Heme-Regulated Inhibitor (HRI) Depletion Cooperates with Pharmacologic Inducers to Strongly Elevate Fetal Hemoglobin and Reduce Sickle Cell Formation

Increasing fetal hemoglobin (HbF) provides significant clinical benefit for patients with sickle cell disease (SCD) and is a critical goal that is being pursued with a variety of pharmacologic strategies. Hydroxyurea (HU) is currently the only FDA-approved drug aimed at raising HbF but is limited in its efficacy. Recent work in our laboratory identified heme-regulated inhibitor (HRI), an erythroid-specific protein kinase, as a novel HbF regulator (Grevet et al., Science 2018). Depleting HRI in primary human erythroid cells significantly raised HbF levels; however, maximal HbF induction by HRI knockdown required at least 80-85% HRI depletion. It is currently unknown whether this degree of HRI inhibition can be achieved pharmacologically. Besides HU, several compounds have been recently identified as in vitro HbF inducers, including pomalidomide, a third-generation imide, and UNC0638, an EHMT 1/2 histone methyltransferase inhibitor. We therefore set out to test whether combining HRI depletion with pharmacologic HbF inducers would cooperatively increase HbF levels and diminish potential adverse effects on erythroid cell maturation and viability.

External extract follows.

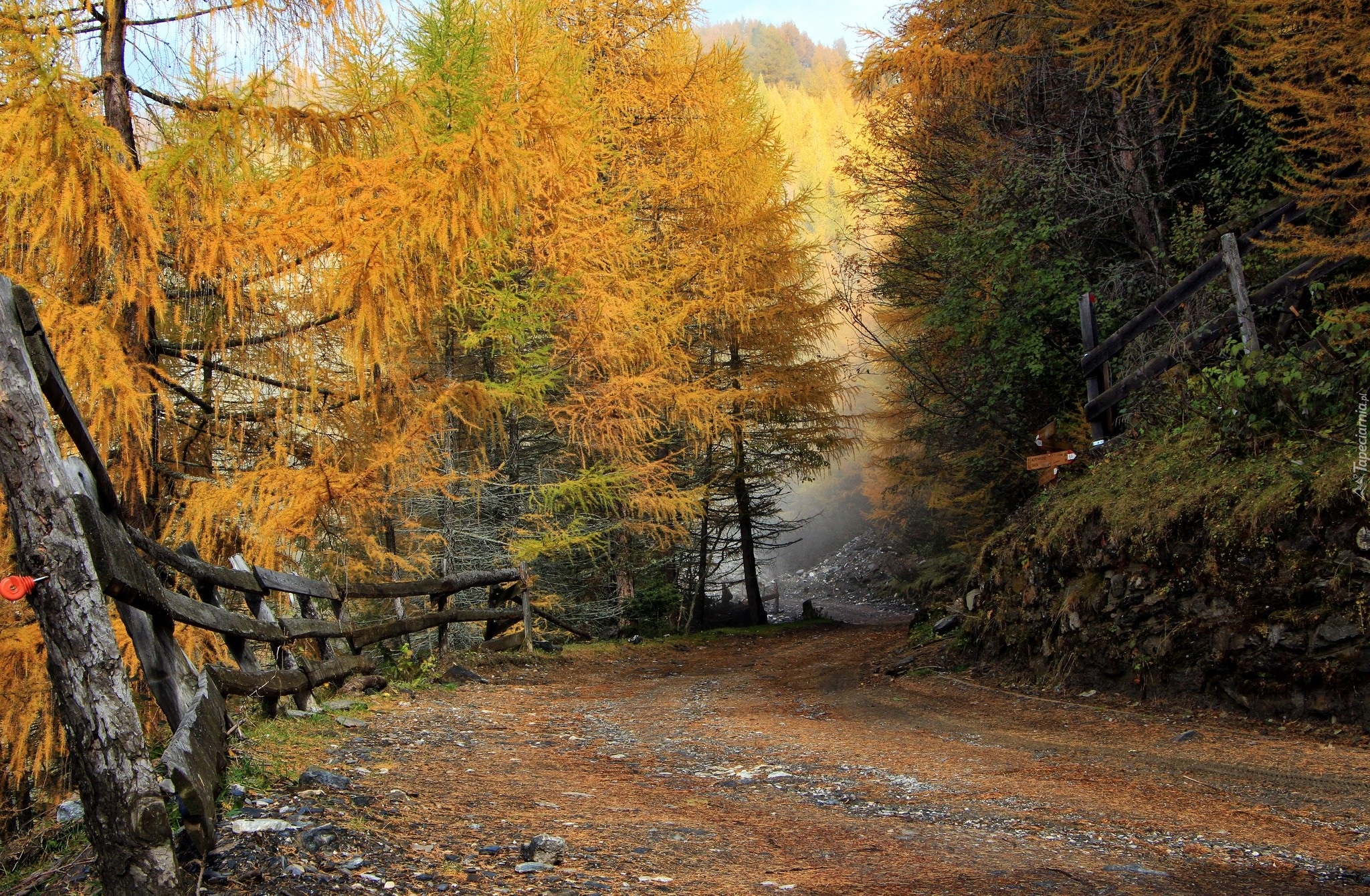 Edytor tapety: Ogrodzona droga wzdłuż jesiennych drzew

We performed three-stage in vitro culture of human CD34+ cells treated with select pharmacologic inducers of HbF, including HU, pomalidomide, or UNC0638, in combination with shRNA knockdown of HRI. HbF levels were assessed by RT-qPCR, Western blot, flow cytometry, and HPLC. We found that treatment with HU displayed comparatively little activity and failed to increase effects of HRI knockdown. However, treatment with UNC0638 combined with HRI depletion showed greater than additive effects on HbF with levels reaching 25-30% HbF, while HRI depletion combined with pomalidomide treatment showed the highest levels of cooperativity, reaching 30-40% HbF. Combination of HRI depletion and HbF pharmacologic inducers showed minimal effects on the erythroid transcriptome by RNA-Seq and did not significantly impair erythroid maturation. Intriguingly, dose-titration experiments indicated that HRI knockdown sensitizes erythroid cells to low doses of pomalidomide, maintaining HbF levels of greater than 40% in HRI-depleted samples despite a ten-fold decrease in pomalidomide concentration. Diminished expression of the HbF repressor BCL11A accounted in large part for HbF induction in HRI knockdown samples, particularly when combined with pomalidomide treatment in which BCL11A depletion exceeded 90%, while other HbF repressors such as LRF were unchanged. We will present RNASeq analyses aimed at elucidating mechanisms of HRI cooperativity. Finally, we found that HRI depletion in SCD patient-derived cells showed significant cooperativity with pomalidomide and UNC0638, achieving 45-50% HbF for UNC0638-treated and 50-60% HbF for pomalidomide-treated drug combinations. Importantly, combination of HRI knockdown and HbF pharmacologic treatments markedly reduced in vitro sickling as measured by low-oxygen sickling assays, suggesting significant amelioration of the sickle cell phenotype.

In sum, we find that dual targeting of HbF induction via HRI inhibition and pharmacologic inducers results in successful cooperative upregulation of HbF levels in both normal and SCD primary human cells without impairing red cell maturation. Furthermore, our data suggest that dose titration of HbF inducers combined with HRI depletion could maximize HbF induction while potentially reducing off-target effects. Moreover, HRI is an attractive target for HbF induction as it is expressed in an erythroid-specific manner. While no specific HRI inhibitors are currently available, our work suggests that future small molecule inhibitors of HRI may be combined with other pharmacotherapies to achieve significant, clinically meaningful HbF induction for the treatment of SCD and other hemoglobinopathies.